You can automatically add instances from the console.

Set Method to Auto. From the list of existing cloud servers, select the desired ECS instances and click Next.

On the Specify Instance Information page, confirm the cluster and instance information as prompted. Configure the data disk and instance name, and then click Next.

Parameter	Description
Data Disk	Specifies whether to store container and image data on a data disk. This separates the system disk from data disks to improve stability. If the ECS instance has a data disk attached and the file system of the last data disk is not initialized, ACK automatically formats the last data disk as ext4. This disk is then used exclusively to store data in /var/lib/containerd or /var/lib/docker (the default data directories for container runtimes) and /var/lib/kubelet (the default data directory for the kubelet component). Important The existing data on the formatted data disk will be lost. We recommend that you create a snapshot to back up your data in advance. If you store containers and images on a data disk, only the ext4 and xfs file systems are supported. If the ECS instance does not have a data disk attached, ACK does not automatically attach a new data disk, regardless of whether you select this option.
Logon method and password	If the node pool's Logon Type is configured as Password, you must reset the instance password.
Retain Instance Name	Enabled: Uses the instance name as the node name. Disabled: ACK renames the node based on the custom node naming rules.
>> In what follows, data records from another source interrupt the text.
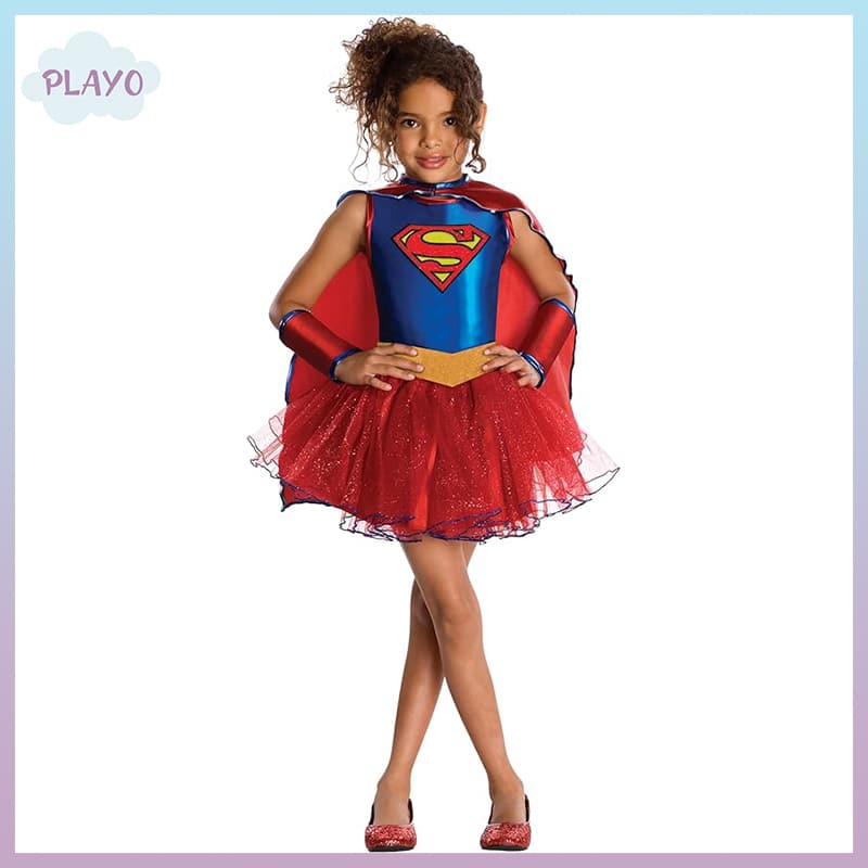 საბავშვო კოსტუმი Supergirl – სუპერგოგო – Rubies–ის ოფიციალური DC Comics სერიის სუპერგოგოს კოსტუმი ხარისხიანი და სტილური არჩევანია ყველა პატარა სუპერგმირისთვის. კაბა შექმნილია რბილი და უსაფრთხო მასალისგან, აქვს ელასტიური ზედა ნაწილი, ბზინვარე ქვედაკაბა და კლასიკური ლოგო, რაც ბავშვებს საშუალებას აძლევს თავი ნამდვილ გმირად იგრძნონ. კომპლექტში შედის მანტია, რათა ლუქი სრულად იყოს.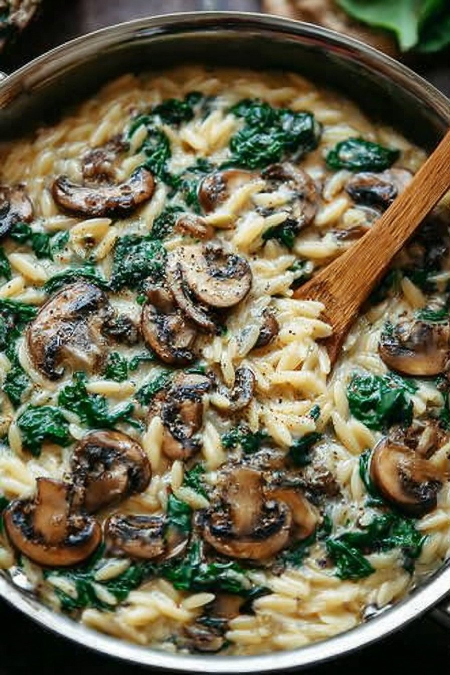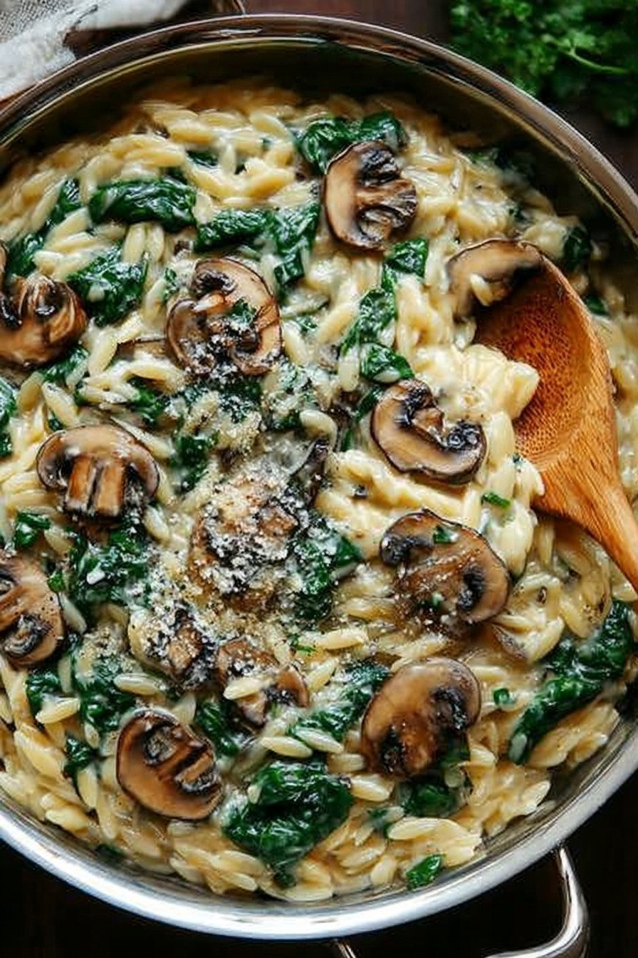 Dieses Rezept bringt cremiges Orzo, saftige Pilze und frischen Spinat in ein ausgewogenes Gericht, das zuverlässig gelingt und gut vorbereitet werden kann. Die Methode hält die Garzeiten kurz und die Struktur zart. Servieren klappt warm oder kalt.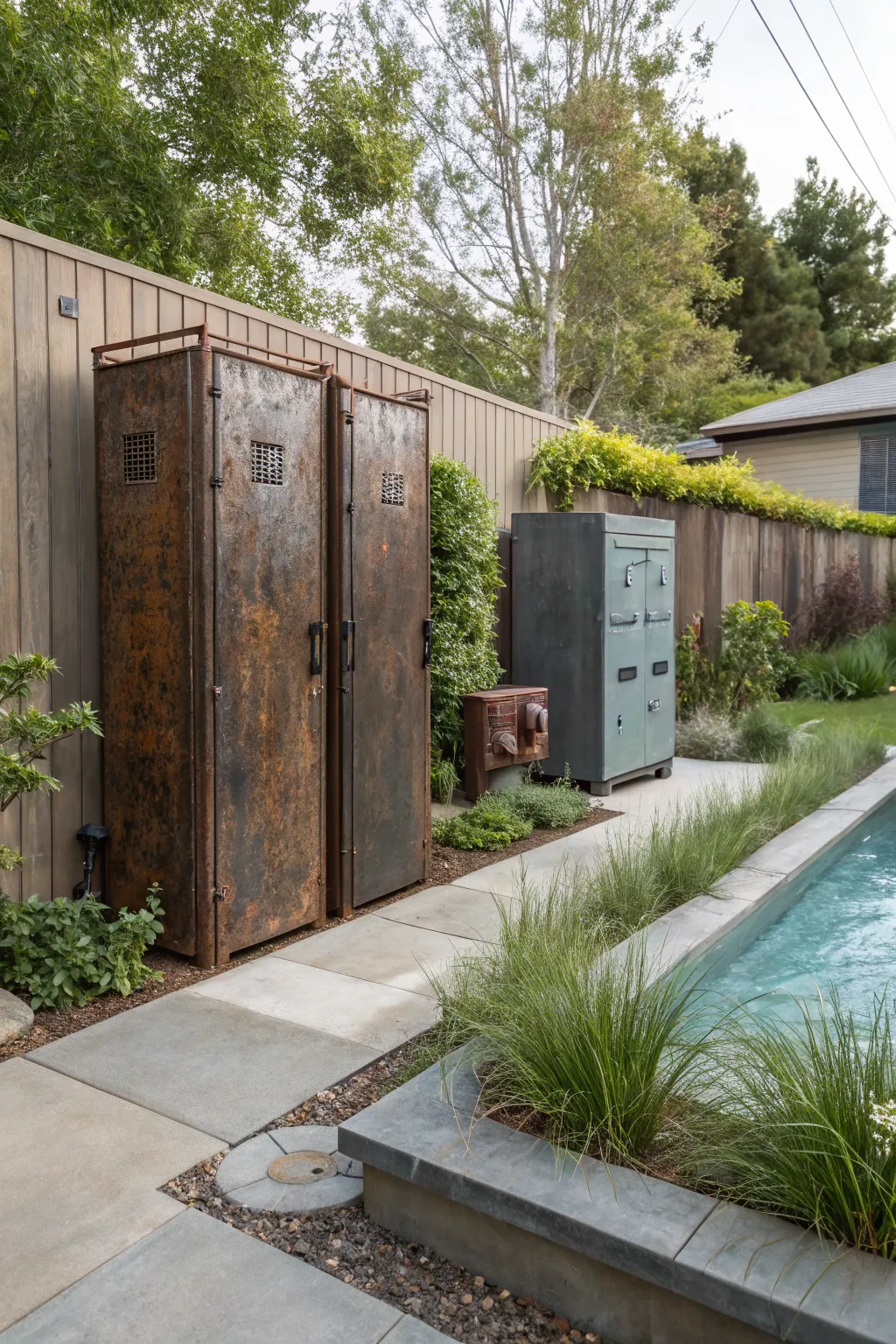 - Exterior Metal Storage Unit: Elevate your pool area with a chic exterior metal storage unit for a modern flair.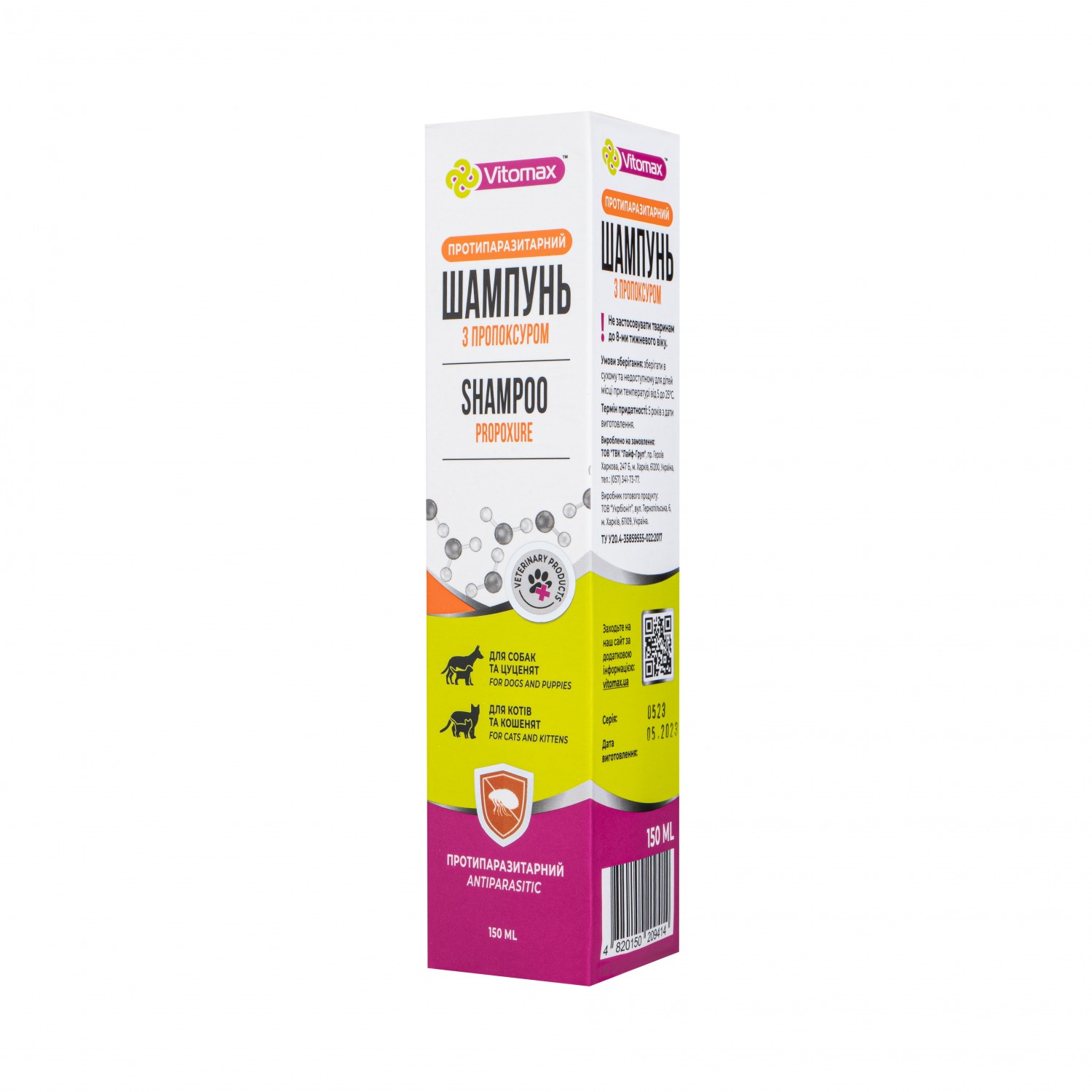 Vitomax протипаразитарний шампунь з пропоксуром для котів та собак.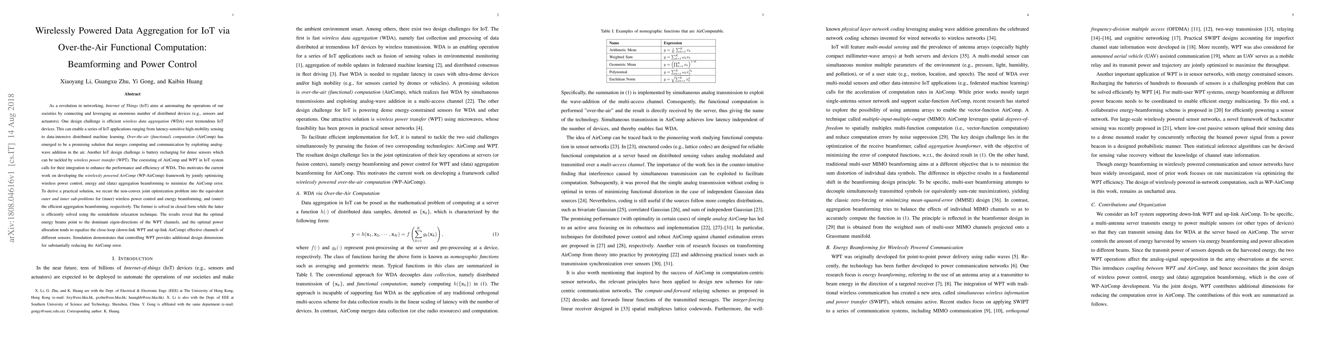 This paper proposes a wirelessly powered over-the-air functional computation framework for IoT data aggregation, optimizing wireless power control and beamforming to minimize computation errors. The joint optimization problem is decomposed into inner wireless power control and outer aggregation beamforming, solved using closed-form and semidefinite relaxation techniques, respectively.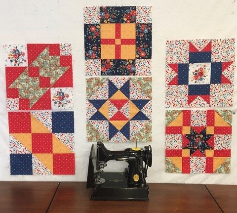 The Singer Featherweight Club celebrates America and the “Greatest Generation” with blocks that were published in the Kansas City Star newspaper in the early 1940’s. Each month will feature a specific technique, using rotary cutting and Deb Tucker’s Studio 180 Design tools instead of the templates used in the original patterns.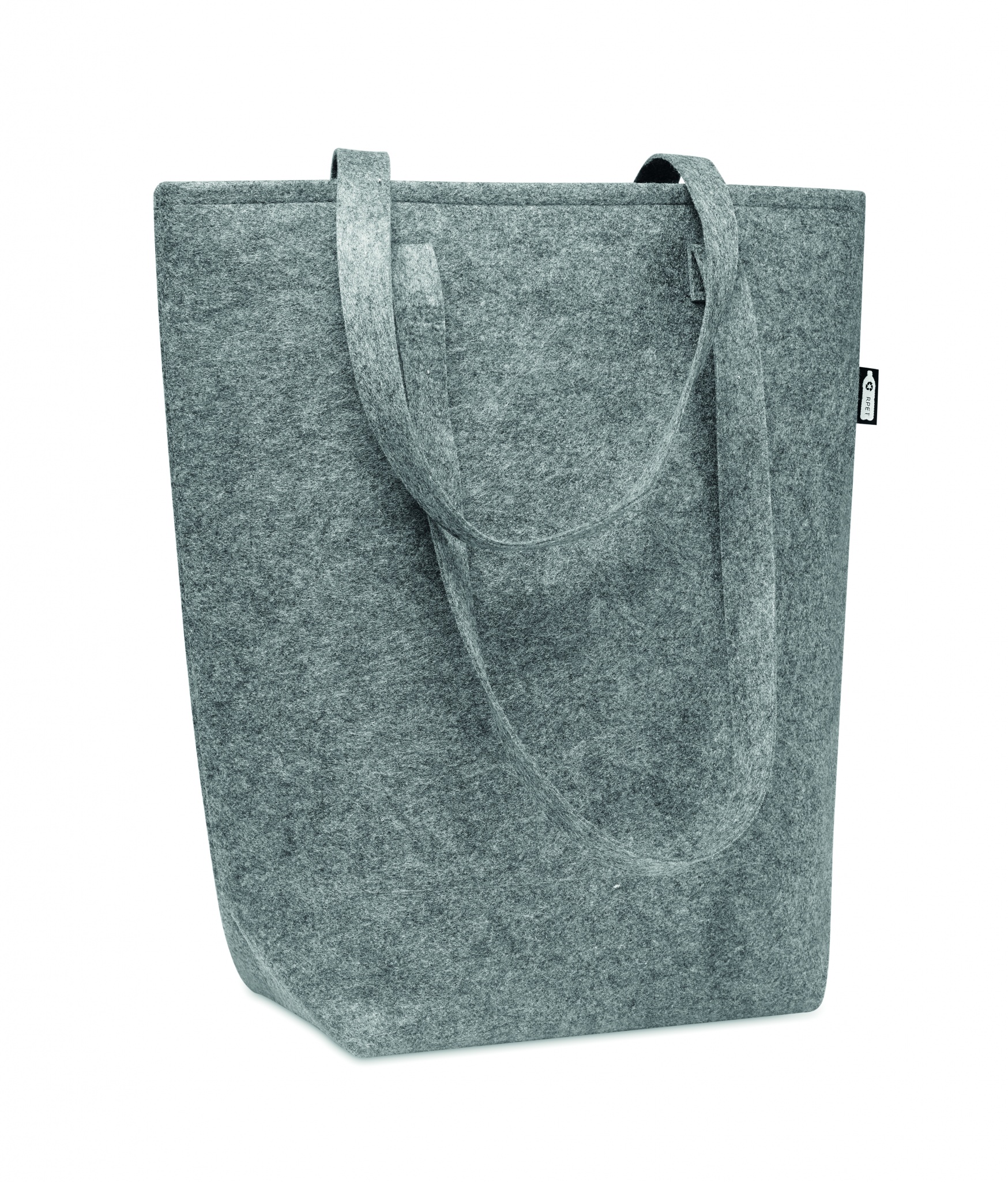 Shopping Tasche aus RPET-Filz mit langen Tragegriffen und Bodenfalte. Filzstärke: 2 mm.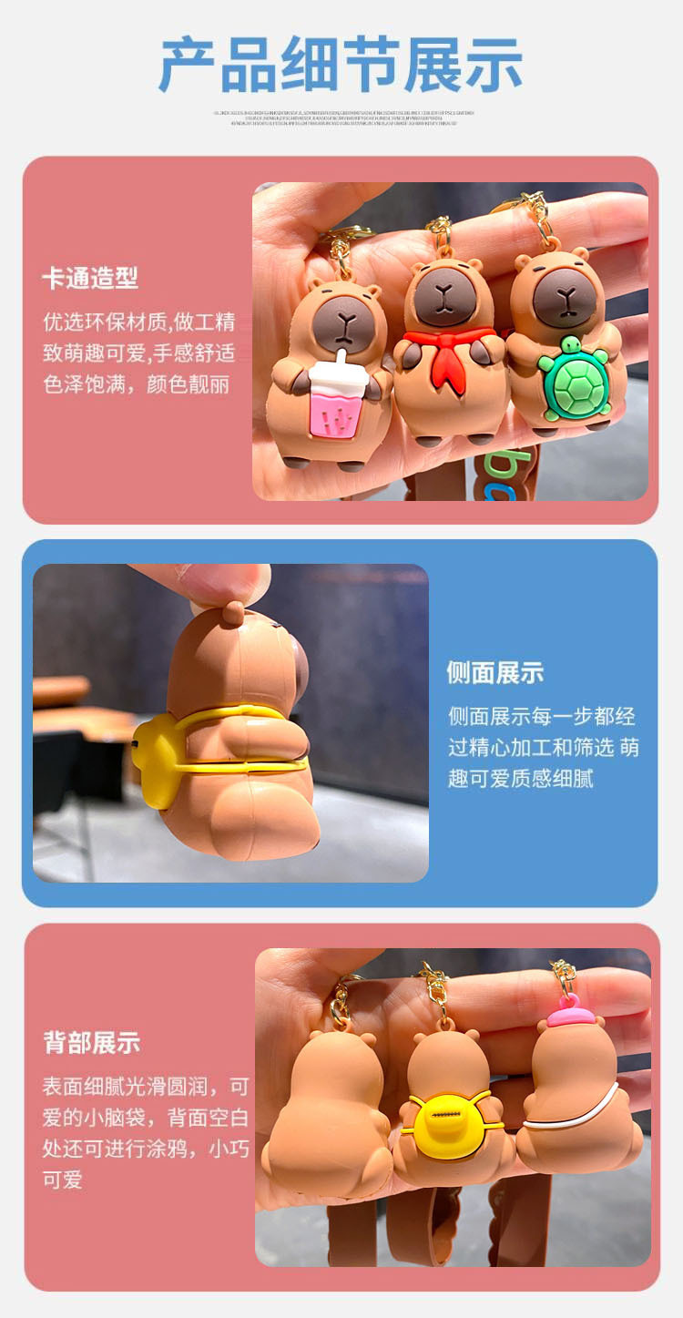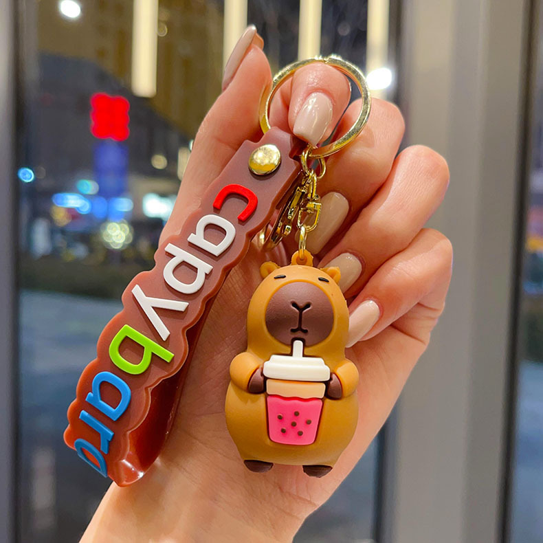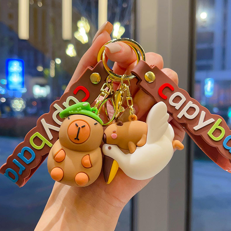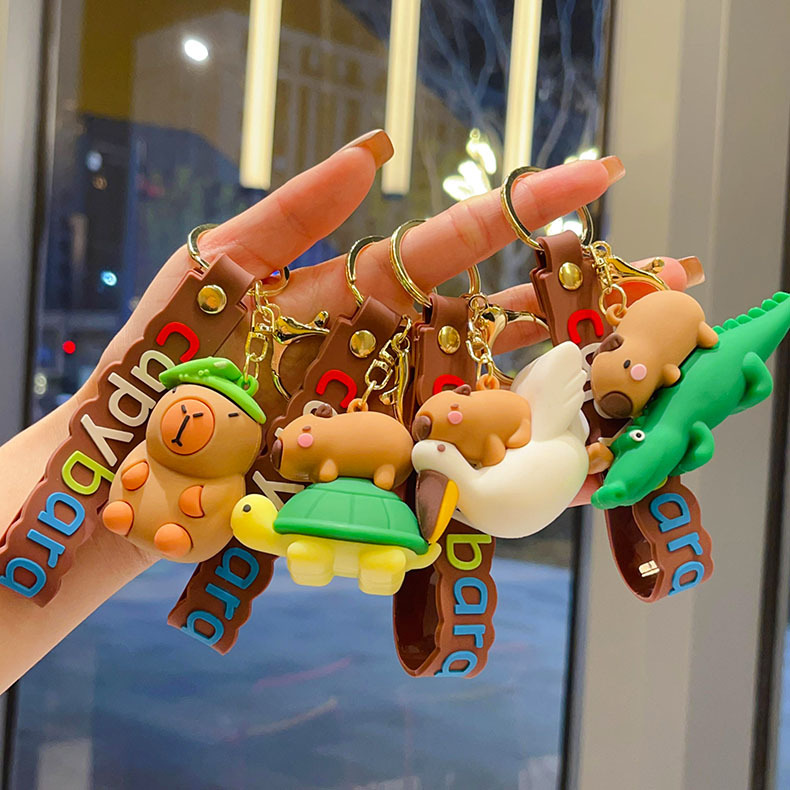 새로운 카피발라 열쇠고리 수달 캐릭터 펜던트 가방 장식 자동차 열쇠고리 작은 선물 도매스토어 가기

In the dialog box that appears, read the notes carefully and then click OK.

After the node is added, you can wait for it to initialize in the node list until its status changes to Ready.

FAQ

Does adding nodes affect workloads?

Adding an existing node, in either manual or auto mode, does not affect existing cluster workloads.

How does instance scaling affect workloads?

Upgrading or downgrading an ECS instance can include changing the instance type, public bandwidth billing method, public bandwidth, or data disk billing method. For more information, see Overview of instance configuration changes. The impact on the ECS instance varies based on the upgrade or downgrade method.

Operations that do not require a restart: The impact on your business depends on your specific scenario.
Operations that require an ECS instance restart: Operations such as upgrading or downgrading the instance type cause service disruptions. Before you perform such an operation, such as upgrading or downgrading node resources, we recommend that you check the current workload to determine if you need to add redundant nodes to take over the pods. Then, drain the node to be upgraded or downgraded and remove it from the scaling group and the ACK cluster. For more information, see Remove nodes.

After the upgrade or downgrade is complete, add the node back to the cluster by following the instructions in this topic.

Can I use different instance types?

Yes. ACK allows you to manage nodes of multiple instance types in the same node pool. This helps prevent scale-out failures caused by instance type unavailability or insufficient inventory. Before you add an ECS instance, make sure that its instance type is included in the node pool's list of instance types. Follow these steps:

Edit or create a node pool and configure the required node instance types. For more information, see Create and manage a node pool.
Drain and remove the target node. Do not release the ECS instance. For more information, see Remove nodes.
Add the ECS instances of different instance types to the node pool by following the instructions in the Limitations and Procedure sections of this topic.

How to move nodes between clusters?

ACK does not support moving nodes directly between clusters. However, you can achieve this by adding an existing node. Follow these steps:

Drain and remove the target node from the source cluster. Do not release the ECS instance. For more information, see Remove nodes.
Add the target ECS instance to a node pool in the destination cluster by following the instructions in the Limitations and Procedure sections of this topic.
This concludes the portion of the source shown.